Guide voice: Earthquakes are one of nature’s most devastating forces. They claim, on average, 8,700 lives a year and the human, economic and social damage to communities is truly staggering. Over the last one hundred years earthquakes are estimated to have killed more than a million people throughout the world and caused billions of dollars of damage.

The South West of England may seem an unlikely location to find cutting edge research into living with Earthquakes, but Universities in the region are home to some of the World’s leading investigators in this field.

00:39  SOT: Dr. Adam Crewe, Lecturer in Civil Engineering, University of Bristol - “The main reason for doing earthquake engineering research in the UK is because we're training engineers who are going to be practising worldwide, so graduates at Bristol university will be learning about earthquakes, they'll then get into industry and be designing buildings that will be built throughout the world, and they need to know how to design those to withstand the earthquakes”.

01:00            Tilt down, new main hall in BLADE facility
                      c.u. hoist
                      Wide of new hall in BLADE facility
                      Sequence, research students testing model              

Guide voice: The University of Bristol will be home to the new BLADE facility, the Bristol Laboratory for Advanced Dynamics Engineering, bringing together a range of scientists and equipment that will provide extensive testing and evaluation to improve the structure and construction of buildings in areas at risk. The key elements in reducing the impact of earthquakes on human life are to build new structures that better resist the effects of earthquakes and to find ways to strengthen existing structures.

01:34 SOT – Dr. Adam Crewe: “This new facility at Bristol is going to be fairly unique worldwide. It’s going to be one of the largest ones in Europe and we’ve incorporated a lot of technologies and specific designs in the building that will allow us to do a lot of tests that no-one else in the world can do.”

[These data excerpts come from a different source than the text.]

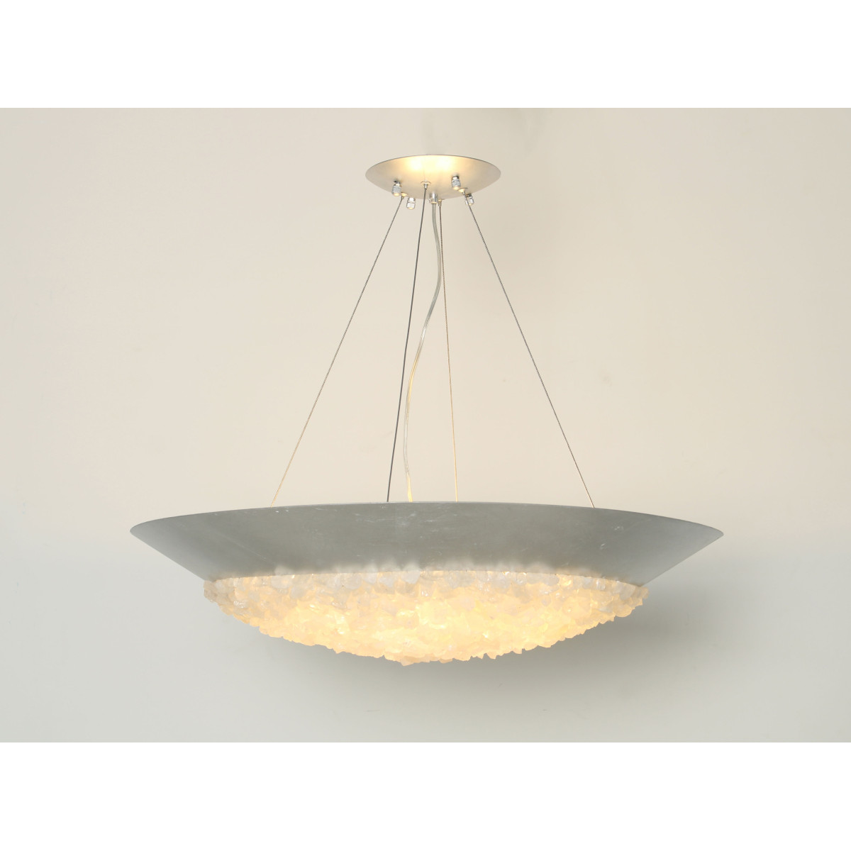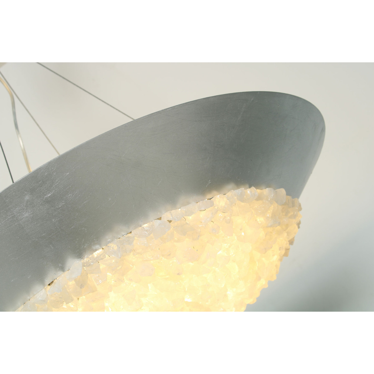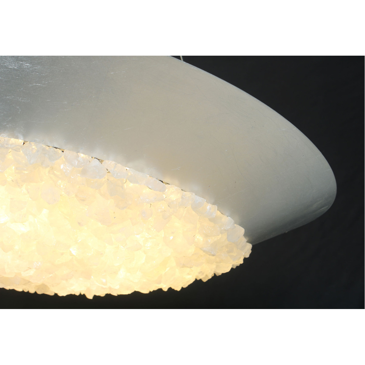 A pendant in a tinted gold leaf finish featuring hundreds of rough cut crystal gems that refract light in a manner reminiscent to the cirrus clouds ice crystals that form the lunar halo in the frozen night sky. Also available in silver leaf or matte black.
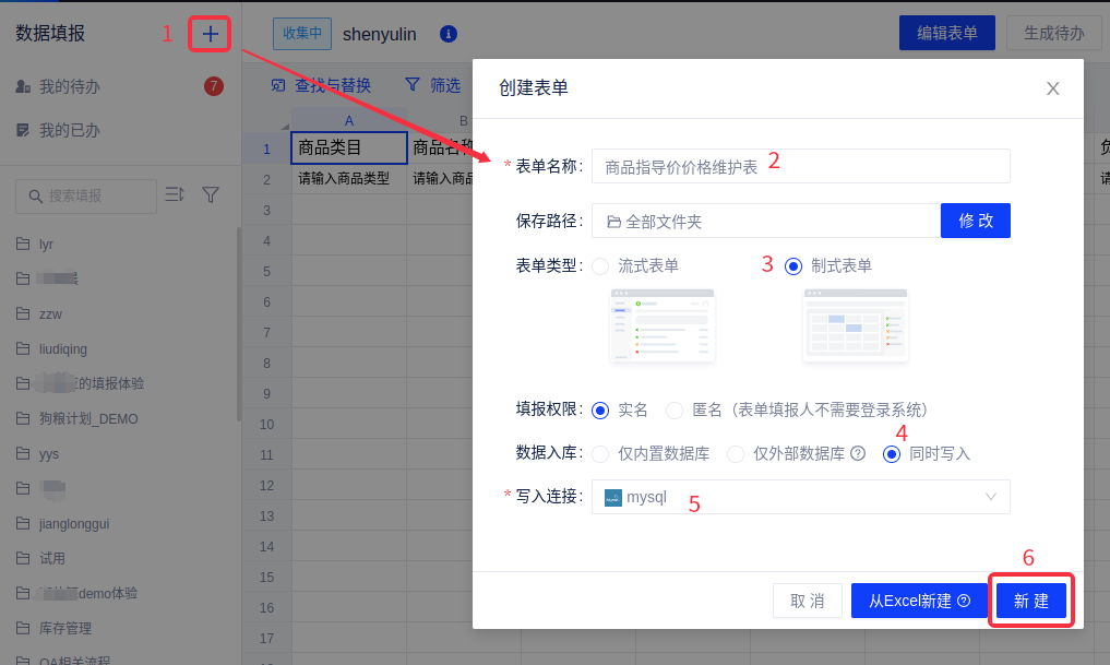 (1)新建一个制式表单,命名为“商品指导价维护表”,数据入库选择“同时写入”(需要事先配置好一个可以写入的mysql数据源)
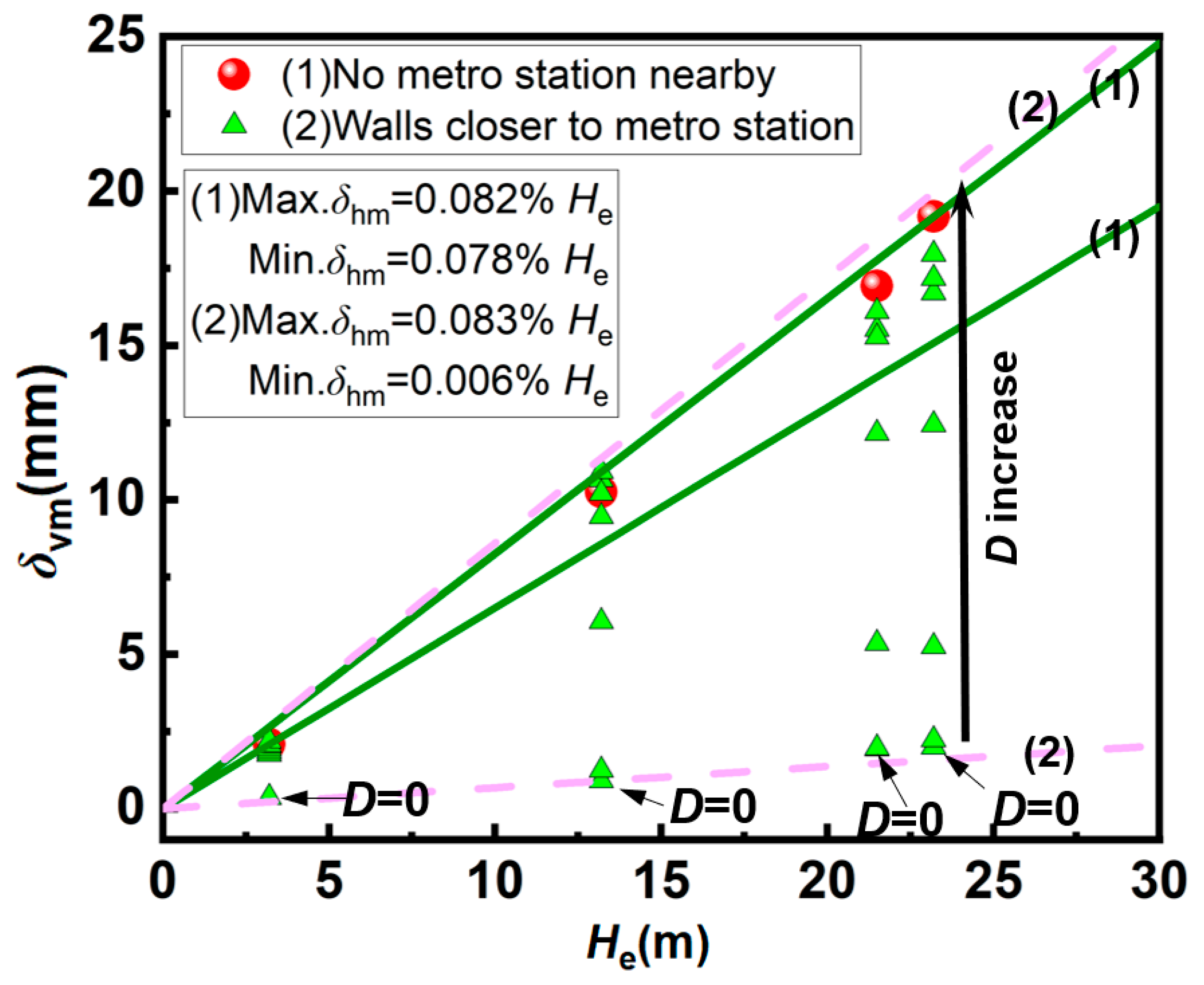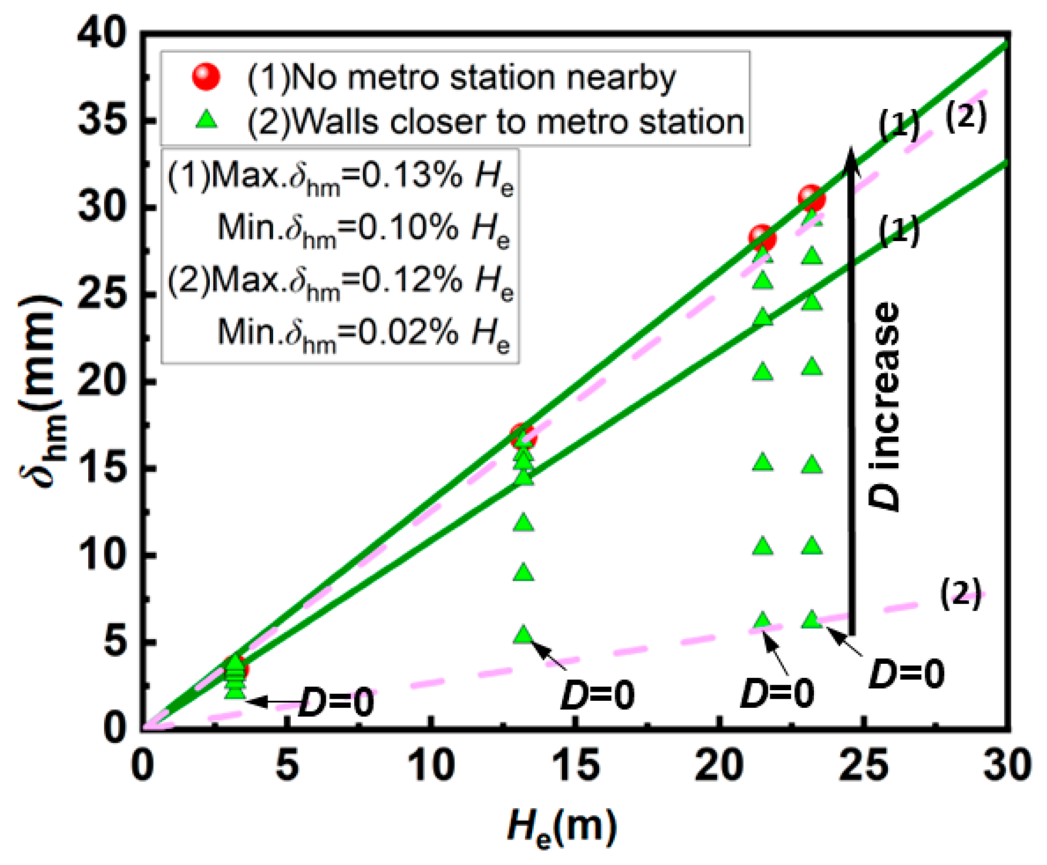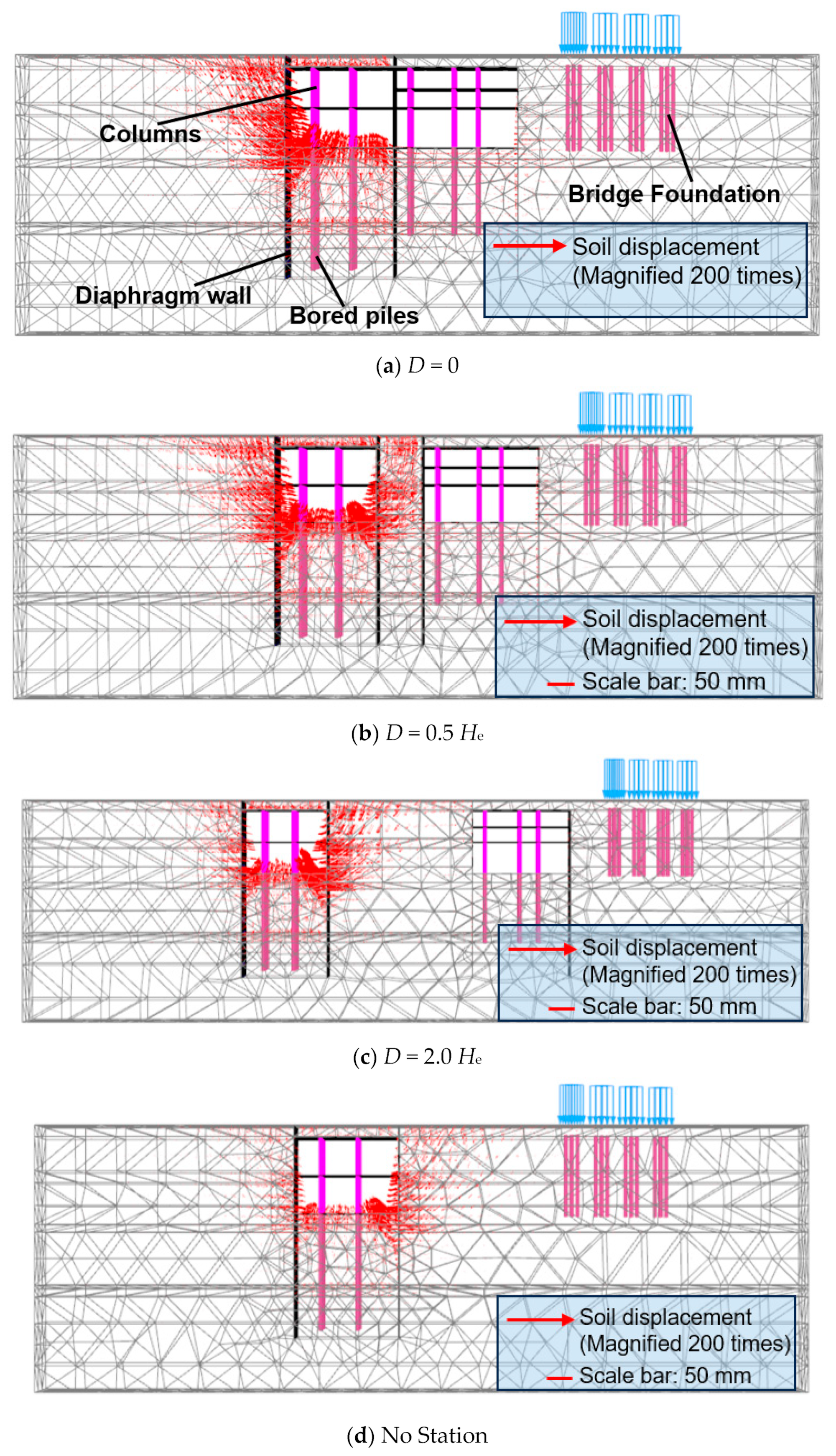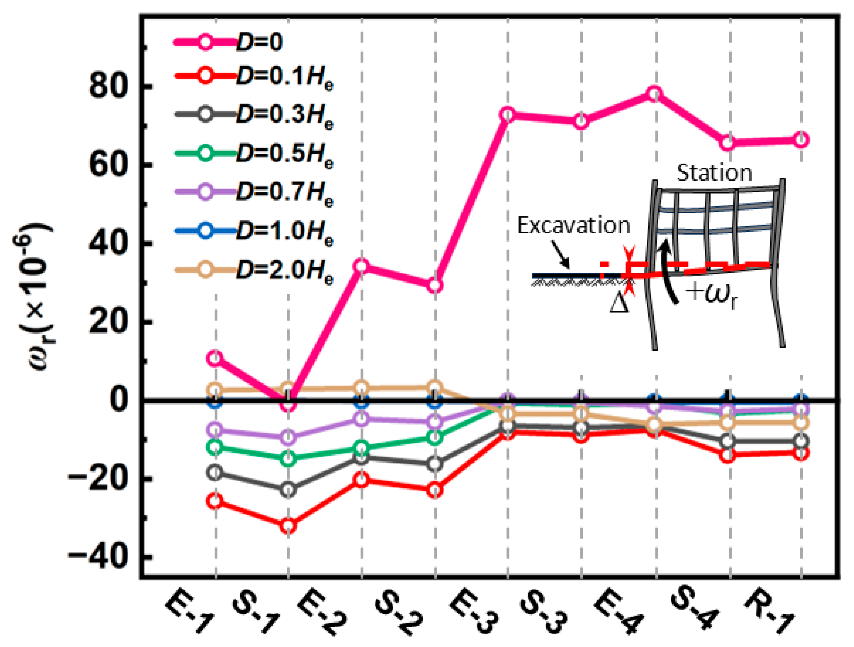 | Distance between the excavation and existing station (D) | 0, 0.1 He, 0.3 He, 0.5 He, 0.7 He, 1.0 He, and 2.0 He |

01:51            Exterior – University of the West of England
                      Interior, engineering faculty, researcher testing base isolation materials
                      c.u. bearings testing
                      Extreme c.u. bearings testing
                      Researcher reaching for bearing
                      c.u. bearing                       

Guide voice: At the nearby University of the West of England scientists are conducting research into materials used in base isolation techniques. Base isolation is increasingly seen as an important means of reducing the impact of shaking on large structures.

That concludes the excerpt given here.